Given data section start

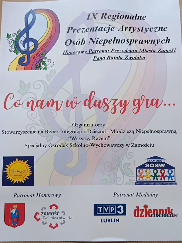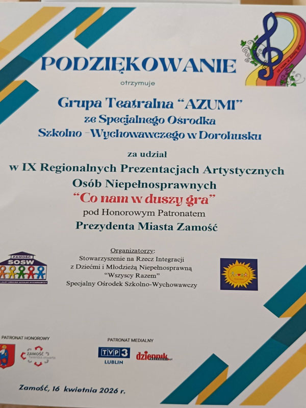 W dniu 16 kwietnia 2026 r. gościliśmy na IX Regionalnych Prezentacjach Artystycznych Osób Niepełnosprawnych w Zamościu, gdzie zadebiutowała na scenie grupa najmłodsza. Cieszymy się z sukcesu i pięknego występu.
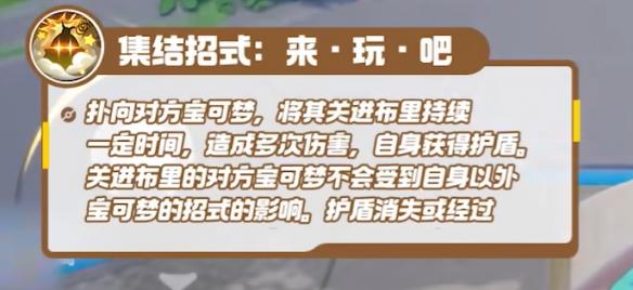 扑向对方宝可梦。将其关进布里持续一定时间,造成多次伤害,自身获得护盾。
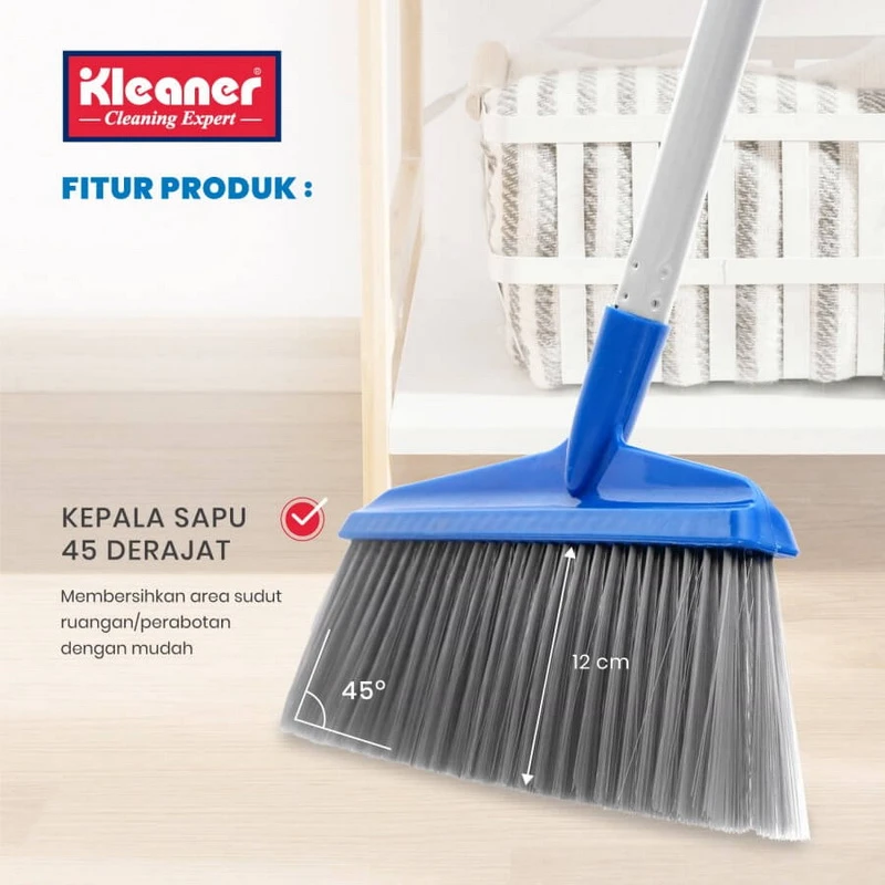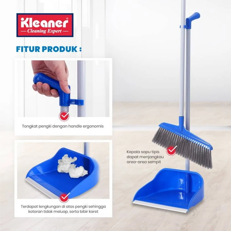Kleaner Broom & Dustpan Set is made to maximize your sweeping ease. The dustpan stick is complete with a handle for comfortable holding and the form of the dustpan with a small roof is to prevent large dirt / garbage from falling.
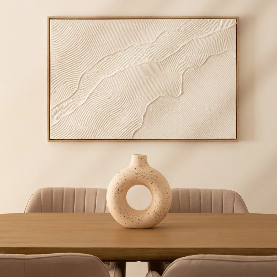 Cuadro decorativo KOHANA con relieve blanco | 75x116cm | Descubre nuestra colección de marcos y lienzos decorativos, y personaliza tus paredes a tu gusto con hôma. | Color: Blanco | Medidas: 75x116cm | Material: Poliéster y MDF | Marca: Atmosphera
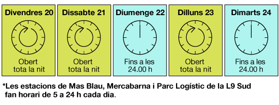El metro funcionarà sense interrupció les nits de divendres 20, dissabte 21 i dilluns 23 de setembre, per afavorir la mobilitat en transport públic i també durant les nits. Així, els trens circularan des de les 5 de la matinada del divendres 20 de setembre fins a les 12 de la nit del diumenge 22. El metro tornarà a donar servei ininterromput la nit de dilluns 23, així els trens circularan des de les 5 del matí de dilluns a les 12 de la nit de dimarts 24.
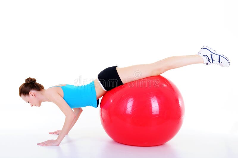 Fare Ginnastica Con Fitball Immagine Stock Immagine Di Fisico Sano
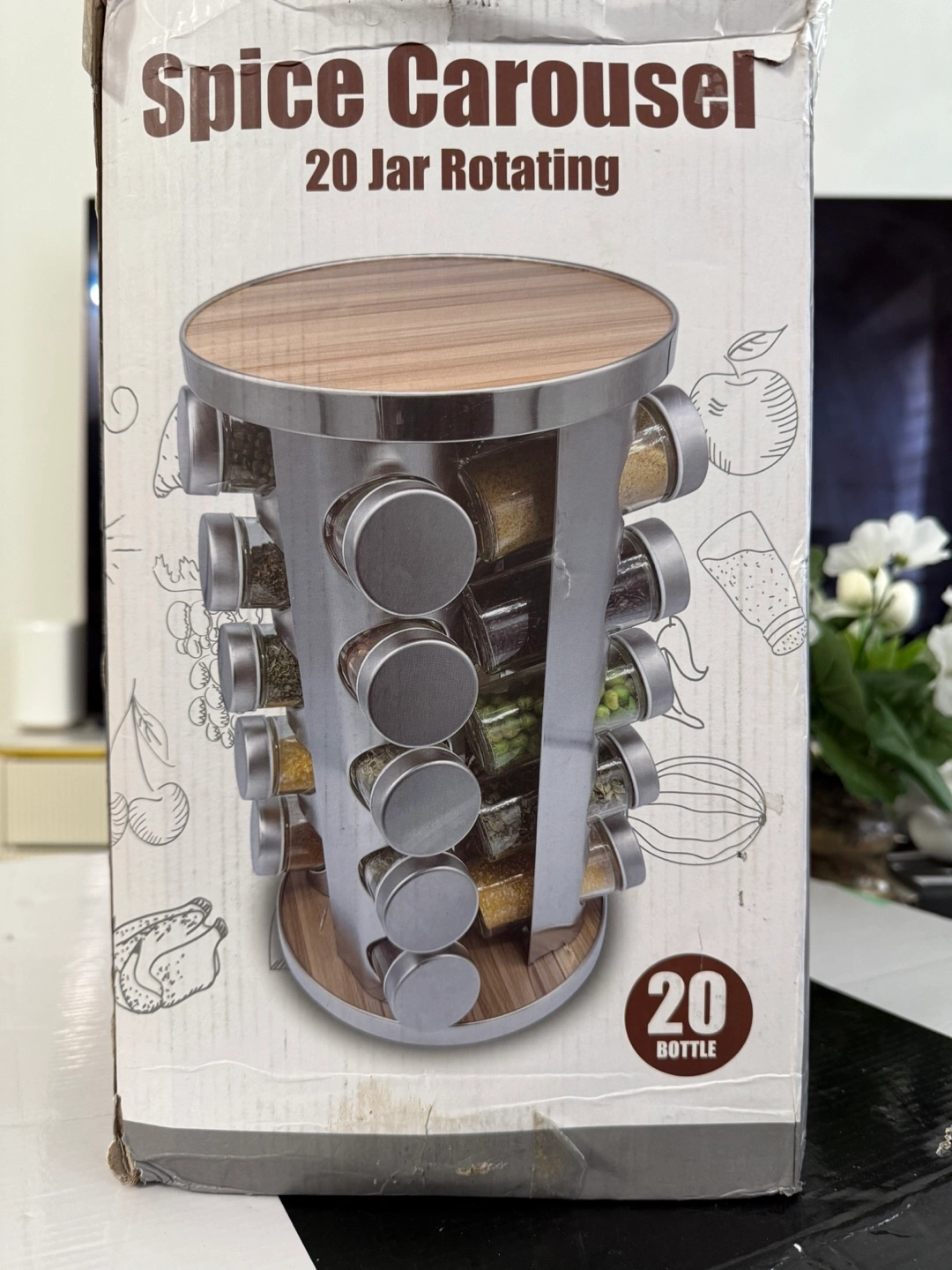261Rotating spice rack. Holds 19 spice jars. Metal and wood construction. New in box. NB: 1 spice jar broken. Available for trade too.

Given data section end

Could you write out exactly the lines from the line containing "Fare Ginnastica Con" to the end of the material, and nothing else? No pictures belong in the copy.

 Fare Ginnastica Con Fitball Immagine Stock Immagine Di Fisico Sano
261Rotating spice rack. Holds 19 spice jars. Metal and wood construction. New in box. NB: 1 spice jar broken. Available for trade too.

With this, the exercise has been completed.